→ **TASK OBJECTIVE**:
Write out exactly, please, every line from the beginning of the entries to the line holding "得力S08按动笔中性笔学生考试专用碳素速干水笔0.5签字水笔圆珠笔", and no pictures.

→ **PROVIDED DATA**:
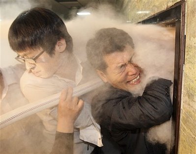 圖為韓國(guó)執(zhí)政黨議員使用滅火器阻止在野黨人士進(jìn)入會(huì)議室。
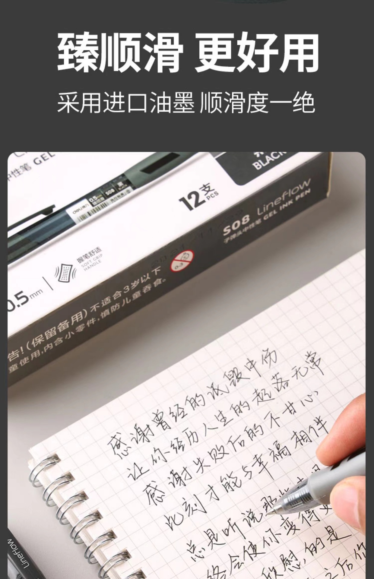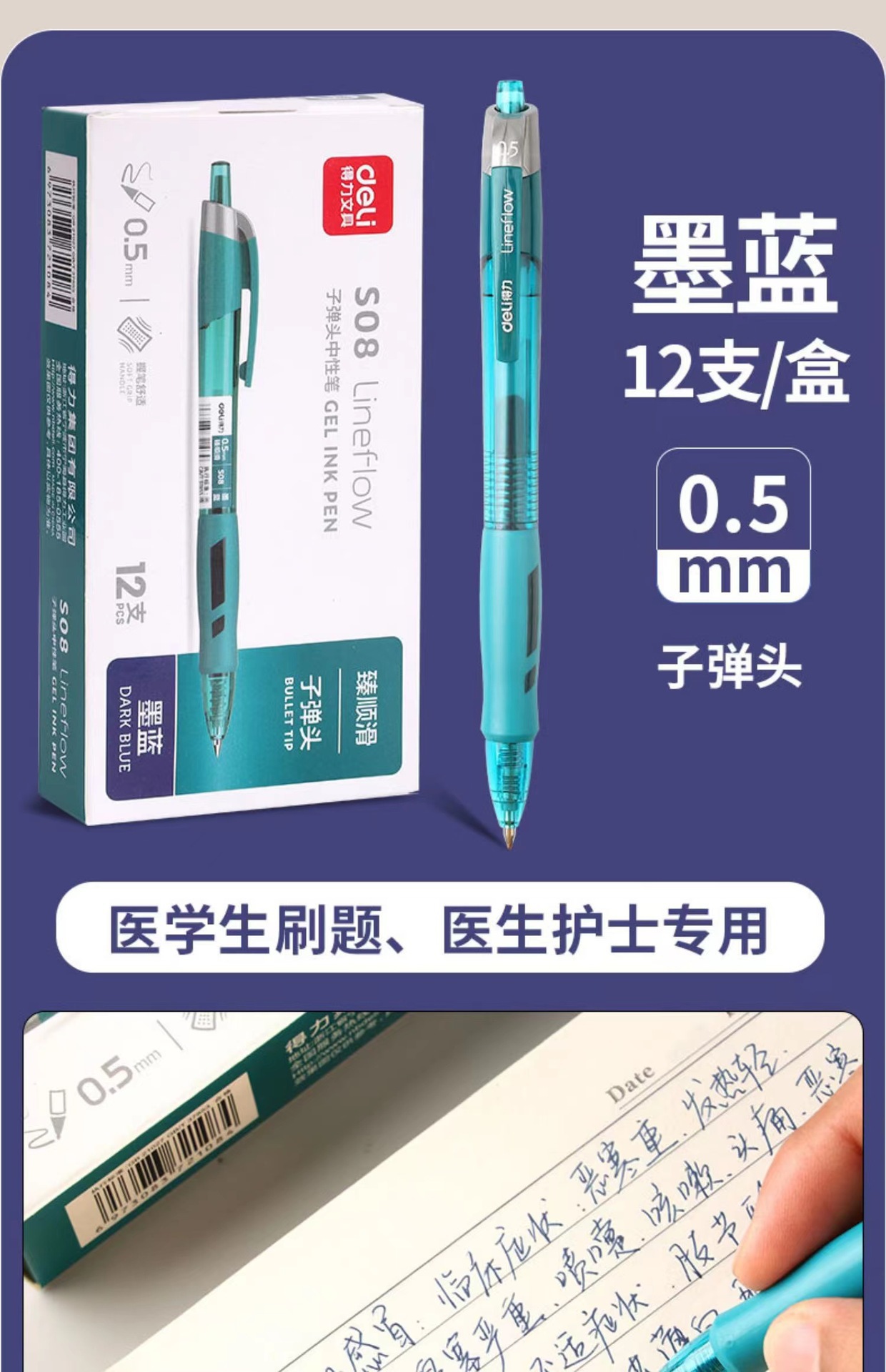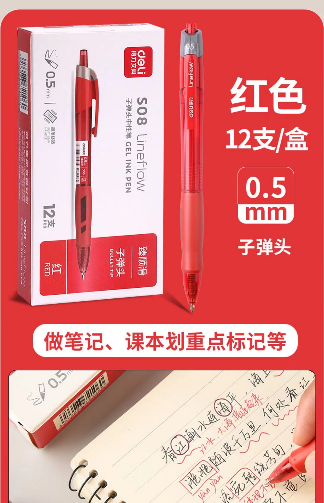 得力S08按动笔中性笔学生考试专用碳素速干水笔0.5签字水笔圆珠笔
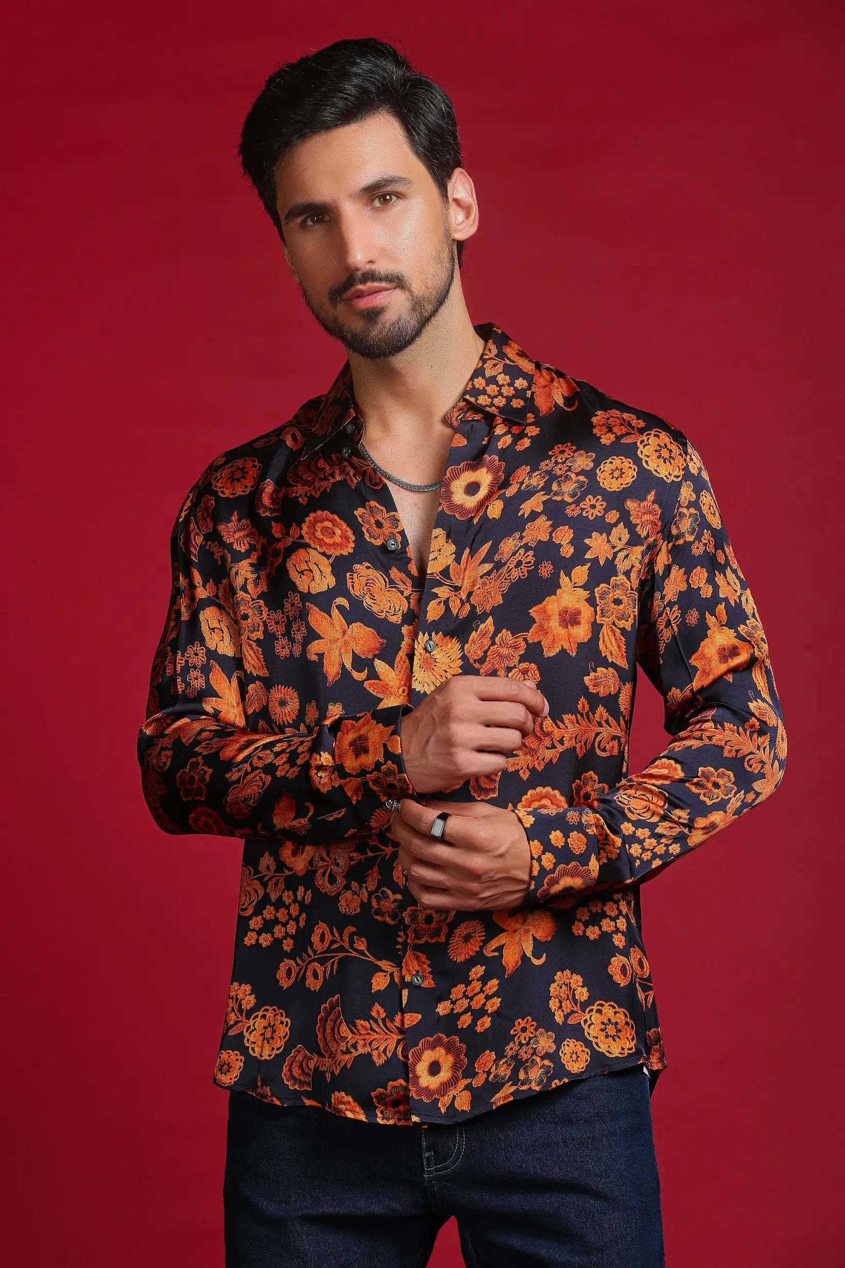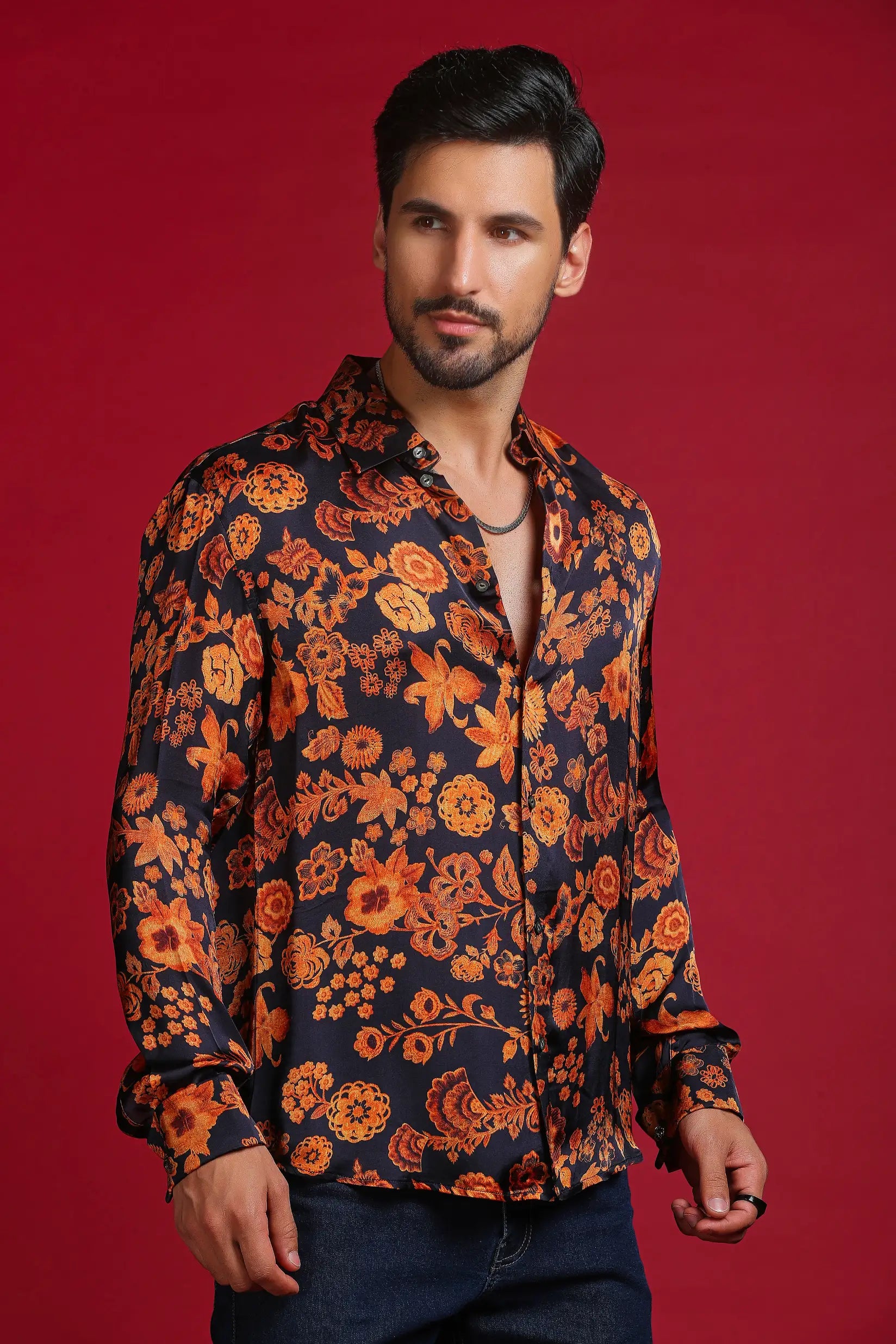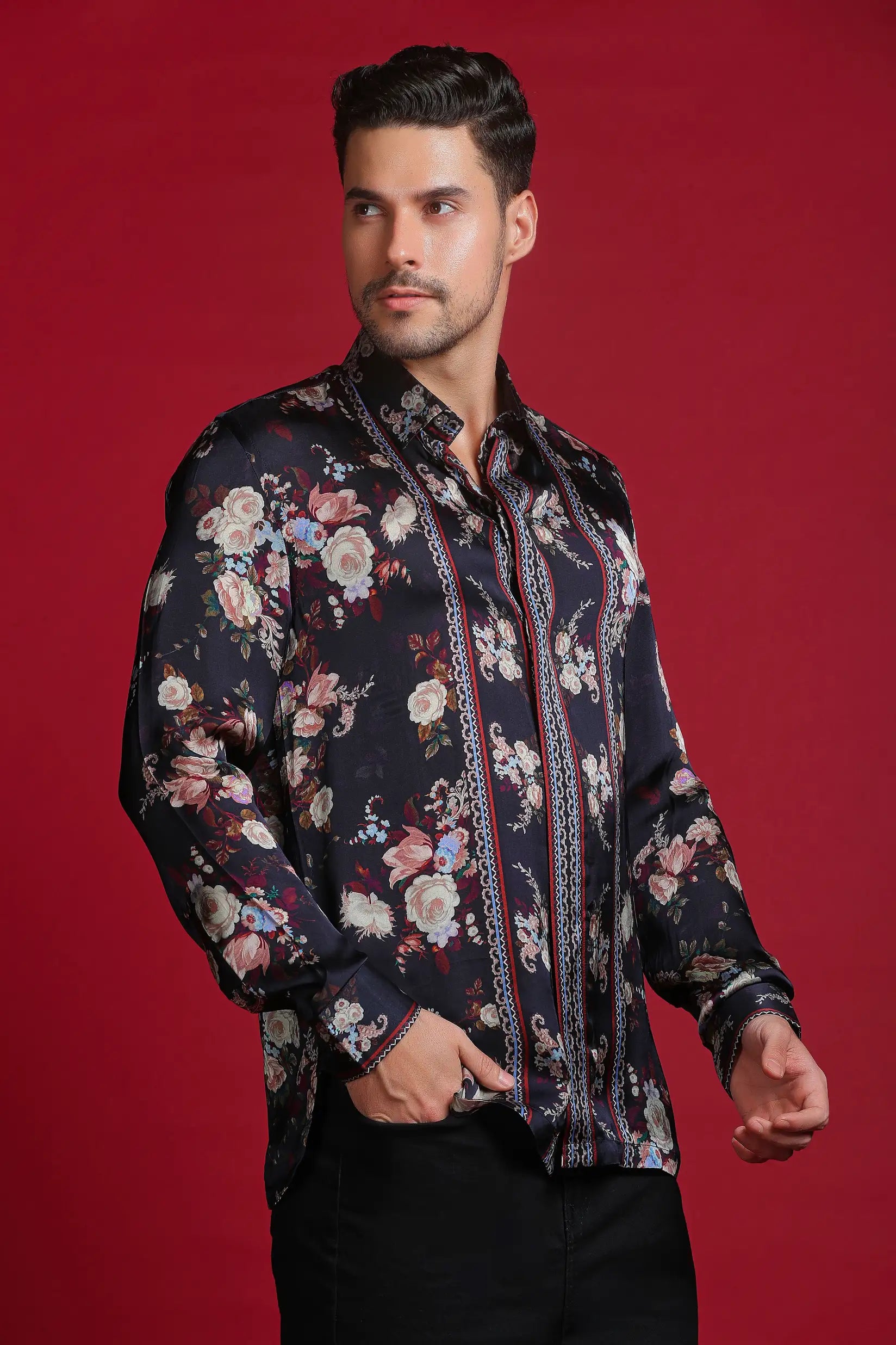 Make a bold statement with our Midnight Marine Shirt, crafted in premium satin silk for a sleek and luxurious feel. Featuring vibrant shades of blue with marine life-inspired digital prints, this shirt merges contemporary style with artistic detail.
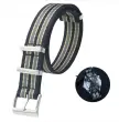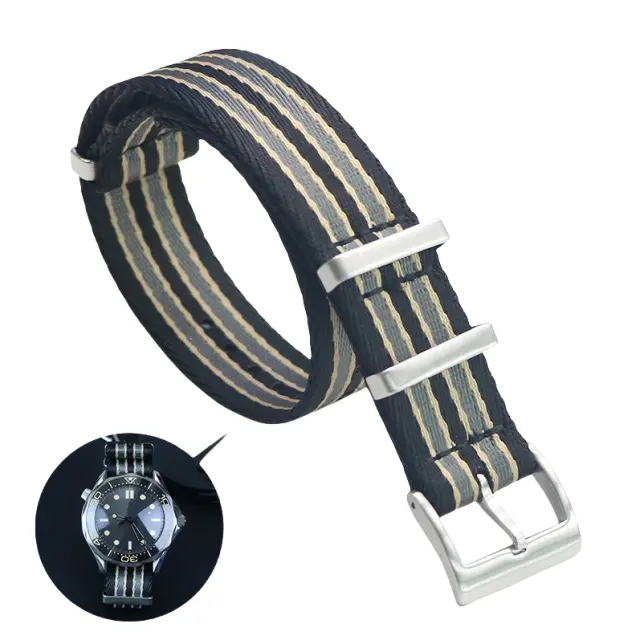Trpežno in varno: Ta pašček za uro, izdelan z vzdržljivo zaponko iz nerjavečega jekla 304, zagotavlja varno in zanesljivo zapiranje. Visokokakovostno najlonsko tkanje je odporno proti obrabi in trganju, kar zagotavlja dolgo življenjsko dobo.
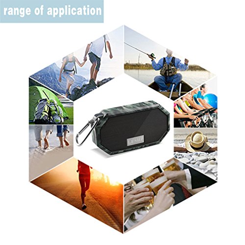 -. Feature : Rated IP66 Level: Great for Outdoors and Shower,Large area of Sealed Silicone Cover Design ensures great Splashproof, Shockproof and Dustproof function, so it can be used under harsh environment. / It has built-in MIC Bluetooth speaker and hands-free function, so you can conveniently pick up a call by this mini speaker in car, bathroom, at home or office, anywhere during it is connected to your Smartphone. / Long Playtime, Fast Recharge: supports up to 6 hours playing time at the volume to 70% of the maximum volume. Recharge only needs 2 hours. / Snap Hook: Portable and suitable features for LESHP shower speaker guarantee better user experience when playing music in shower/outdoor. / Advanced Bluetooth Technology: Connect your device very fast, consume less energy and deliver crystal clear sound.

→ **COMPLETED EXERCISE**:
 圖為韓國(guó)執(zhí)政黨議員使用滅火器阻止在野黨人士進(jìn)入會(huì)議室。
 得力S08按动笔中性笔学生考试专用碳素速干水笔0.5签字水笔圆珠笔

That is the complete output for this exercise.